Steve Wozniak – the ethical geek
In a wide-ranging conversation with Andrew Masterson, the Woz explores the cultural implications of the technology he, more than anyone, helped create.
“To me, the human should be more important than the technology,” says Steve Wozniak.
“The way we think, use our brains, interact with each other, get around with our lives – these should be more important than the technology. The technology should adapt to our ways, our customs, and our concepts of what is right and wrong.”
So, technology needs to fit in or push off – given the speaker, it’s a fascinating statement of principle.
Any dinner party discussion about who has most influenced life in the modern era is bound to include Steve Jobs, Bill Gates, Mark Zuckerberg, Jeff Bezos and Elon Musk.
But if that dinner party includes guests drawn from the computer programming and electronic engineering fraternities, the answer will be different, and definite. The Woz, they will say, no question.
Wozniak, 66 this year, is arguably the least known yet most important of the young counter-cultural, convention-busting rebel idealists who in the seventies set in motion the technological innovations that led – remarkably rapidly – to home computers, laptops, the internet, smart devices, social media, the sharing economy and, may the world forgive them, Bluetooth-enabled pregnancy tests.

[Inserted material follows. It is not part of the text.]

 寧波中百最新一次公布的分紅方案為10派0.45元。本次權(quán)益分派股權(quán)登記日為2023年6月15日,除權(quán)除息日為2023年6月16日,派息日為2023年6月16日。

In 1976, in Steve Jobs’ California bedroom, Wozniak single-handedly built Apple’s first computer, largely out of timber.
It completely reconfigured existing computer designs, which were primarily either cumbersome mainframes or Atari arcade game consoles.
Setting up a dynamic that was to eventually catalyse one of the largest corporations the world has ever known, what Wozniak built, Jobs marketed.

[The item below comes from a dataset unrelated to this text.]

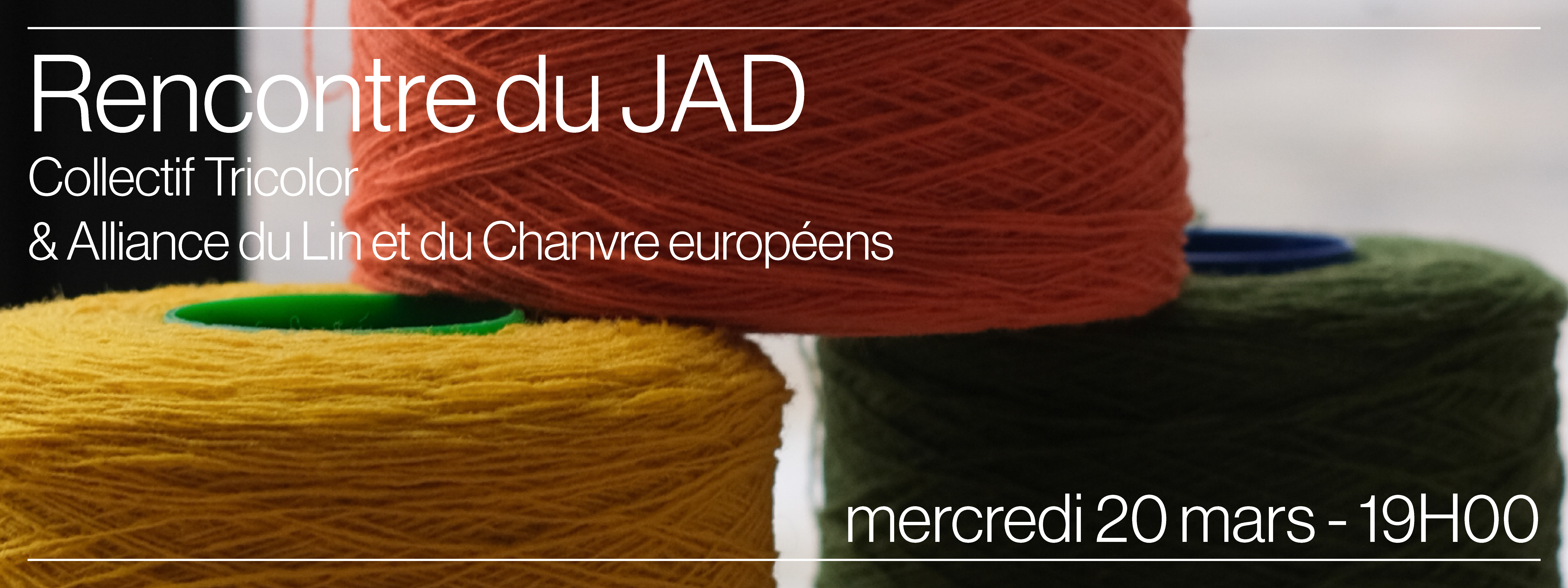 Le mercredi 20 mars à 19h00, le JAD invite Pascal Gautrand, du Collectif Tricolor et Julie Pariset, de l’Alliance du Lin et du Chanvre européens pour cette dernière conférence mensuelle dédiée à la mode durable.

Selling his seriously hippy VW Kombi to fund the manufacture, Jobs flogged 50 units to a start-up computer store in Mountain View.
Apple was in business.
A year later, having shifted into Jobs’ garage, the Apple II was launched – the first home computer to include printed circuits, keyboard, screen, and information storage capacity all in one unit. It remained in production until 1993.
By then, though, Woz woz gone. In 1985, he decided he was seriously jack of corporate life, sold most of his stock, and walked away from a fortune.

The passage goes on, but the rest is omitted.